ANSI SQL provides information of four isolation levels and some anomalies that may or may not occur for concurrent transactions using those isolation levels.

Anomalies

Lost Update

Lost update occurs when two transactions read the same row, and try to do an update without taking into account the other change.

Imagine a row represents an account balance, $1000, and T1 and T2 concurrently want to increase it by $100.

Under this anomaly, both T1 and T2 change the balance to $1100, and then commit their change, losing $100 in the process.

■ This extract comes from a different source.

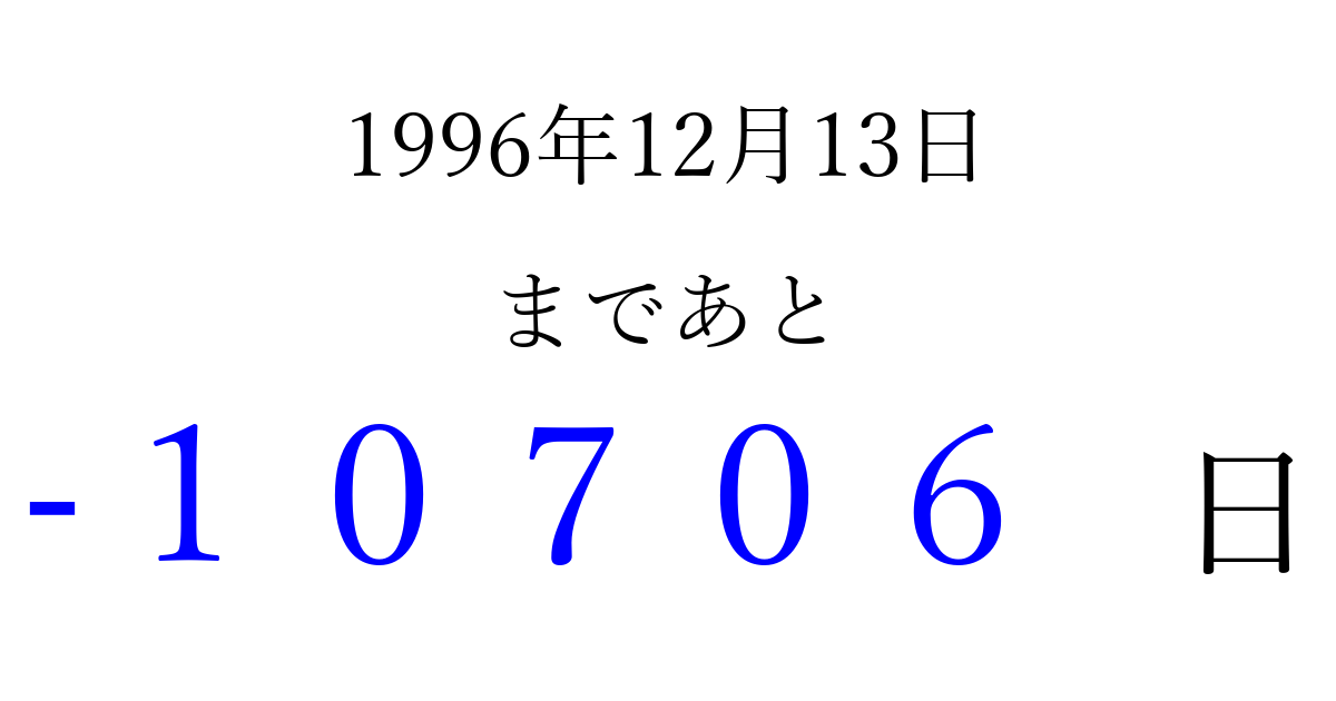 1996年12月13日(金)は もう 00000 日過ぎました 追加すると、トップページからすぐ選べるようになります ※2026/04/06現在の結果です。 最新の状態に更新する ↓シェアして、タイムライン上にカウントダウンを表示しよう!↓ 📤 この結果を共有する Tweet シェア Threads Bluesky 別の日付でカウントダウン 1996年12月のカレンダー このページをブックマークに追加すると、いつでもカウントダウンを確認できます。 (PC: Ctrl+D / Mac: ⌘+D) hitome-notes.comでは以下のページも運営しています。 指定日と期間から日付を計算 | ガチャ確率計算・シミュレーション | プライバシー・ポリシー 運営者:Avocado
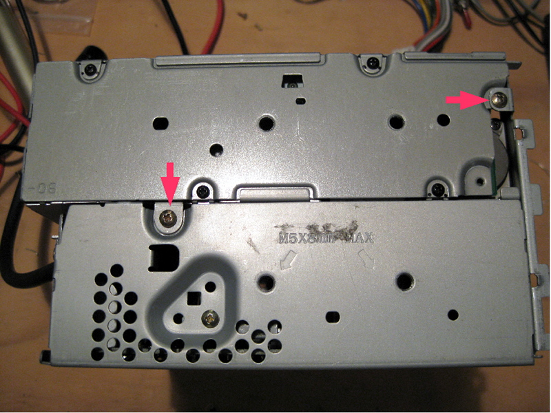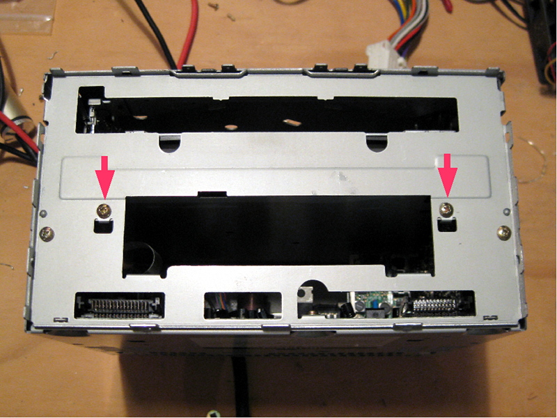 To open the unit up, unclip the front panel first. Remove the screws as marked in the photos below and lift the CD changer mechanism off. Be careful not to damage the ribbon cable; this can be properly disconnected by carefully pulling it out of either connector.

This is forbidden by the standard for all levels.

Dirty Reads

Let’s say a transaction, T1 transfers $100 to an empty account, but does not commit this change. Another transaction, T2 reads the account state and withdraws $100 from the account to make a payment to another account. In the meanwhile, T1’s transaction is aborted, and rolled back.

Thus, T2 reads uncommitted data and violates the invariant.

The standard allows dirty reads for Read Uncommitted.

Non-Repeatable Reads

Let’s say a constraint prevents negative balances for bank accounts. Say T1 wants to withdraw $100 from an account. It can, as it checks the balance is $1000. T2 withdraws all the money from the account and commits, making the balance negative.

The standard allows non-repeatable reads for Read Committed and all levels below.

Phantom Reads

Phantom reads occur when one transaction executes two identical queries returning a set of rows that meet a condition, while another transaction adds rows matching this condition and commits, thus the first transaction gets two different sets of rows.

For an example, imagine a user can only have one account tied to an email. Two transactions try to open up an account at the same time. The first transaction first checks the account count, and sees that it is 0. The second transaction does the same and then commits its new account. The first transaction then also creates an account, mistakenly believing there is only one account.

The standard allows phantom reads at Repeatable read isolation levels and below.

No anomalies

There is a level, serializable, that does not allow for any anomalies.

Isolation Levels in Postgres

The ANSI SQL standard assumes that transactions use locks, which Postgres does not. Postgres uses Multiversion concurrency control, or MVCC.

Thus, postgres does not support read uncommitted. Read uncommitted might have lost updates, non-repeatable reads, and phantom reads, But repeatable read has none of the SQL anomalies. Serializable remains the same.